Saat Hasrat Berkuasa Mengubah Jiwa: Sindrom Rajjal
*Akmal Nasery Basral
Saya menyebut gejala ini sebagai Sindrom Rajjal (Rajjal Syndrome) -- istilah yang mungkin belum pernah digunakan siapa pun sebelumnya. Namun mereka yang berkutat dengan sejarah Islam di masa Nabi Muhammad Saw hidup, mengetahui bahwa meski hampir seluruh individu yang dididik langsung oleh Rasul tetap berpegang teguh pada ajaran yang mereka terima sampai mati, ternyata ada juga sosok yang menikung mengambil jalan berbeda.
Nama lelaki itu adalah Rajjal bin Unfuwwah, seorang lelaki dari Yamamah.
Rajjal yang pernah duduk langsung di dalam Majelis Nabi, menjadi salah seorang murid langsung Madrasah Rasulullah, dan menjadi tumpuan harapan Al Amin sebagai da'i pilihan yang akan membawa cahaya kebenaran bagi rakyat Yamamah, ternyata saat dikirim lagi ke wilayah tersebut secara perlahan justru larut dalam pengaruh Musailamah -- tokoh lokal Yamamah yang justru menjadi awal target dakwahnya.
Musailamah seorang Macchiavellian. Dia bukan tak melihat bagaimana Islam terus berkembang dan bisa menggeroti pengaruhnya. Maka dia menyusun rencana, menghadap Nabi di Madinah dengan satu usulan: bersedia masuk Islam asal dirinya dinyatakan juga sebagai Nabi untuk wilayah Yamamah.

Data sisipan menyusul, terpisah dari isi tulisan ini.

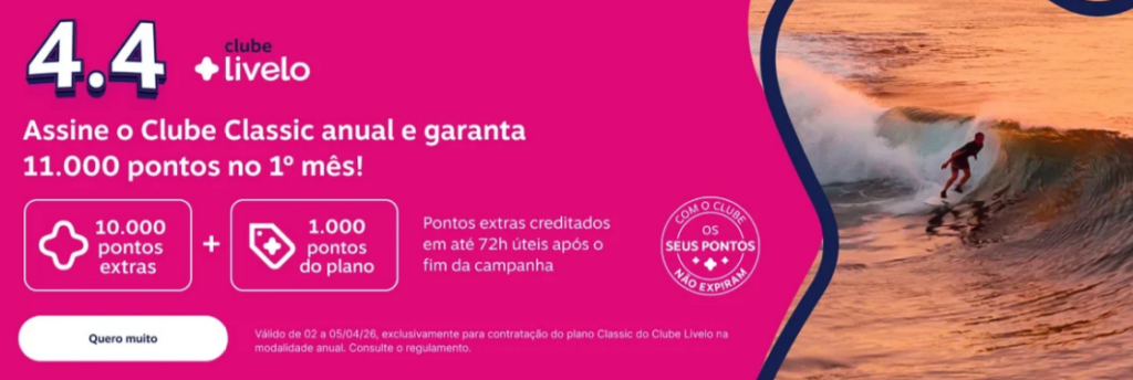 Já nos preparativos para o 4.4, a Livelo está com uma nova promoção para adesão ao Clube Classic. Nesta oferta, é possível receber 11 mil pontos no primeiro mês da assinatura anual. Vamos aos detalhes!
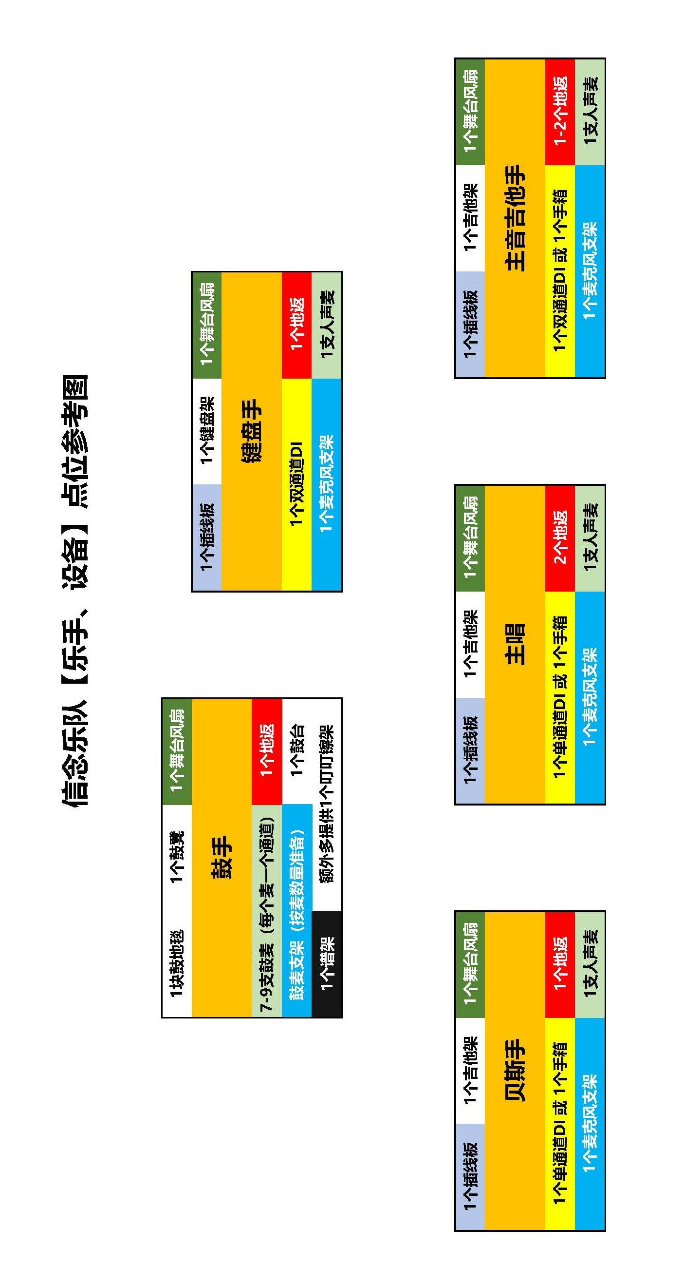 乐队自带:吉他、贝斯、键盘、吉他效果器、贝斯效果器、自带8根双头6.5mm乐器连接线;其他需舞美方准备

Ketika Nabi menolak usul "power sharing" itu, Musailamah yang mutung kembali ke wilayahnya, dan mengumumkan diri sebagai nabi yang lebih hebat dari Muhammad. Bahkan dalam surat-surat resminya dengan Nabi Muhammad, Musailamah pun tak ragu lagi memposisikan dirinya sebagai nabi yang setara. Dan Nabi Saw membalasnya dengan sebutan pendek: Musailamah Sang Pendusta (Musailamah Al Kadzdzab).
Maka, kepada orang seperti itulah Rasulullah mengirim Rajjal bin Unfuwah, seorang mubaligh muda yang energetik, cerdas, dan orator ulung yang setiap katanya mampu menyihir pendengar.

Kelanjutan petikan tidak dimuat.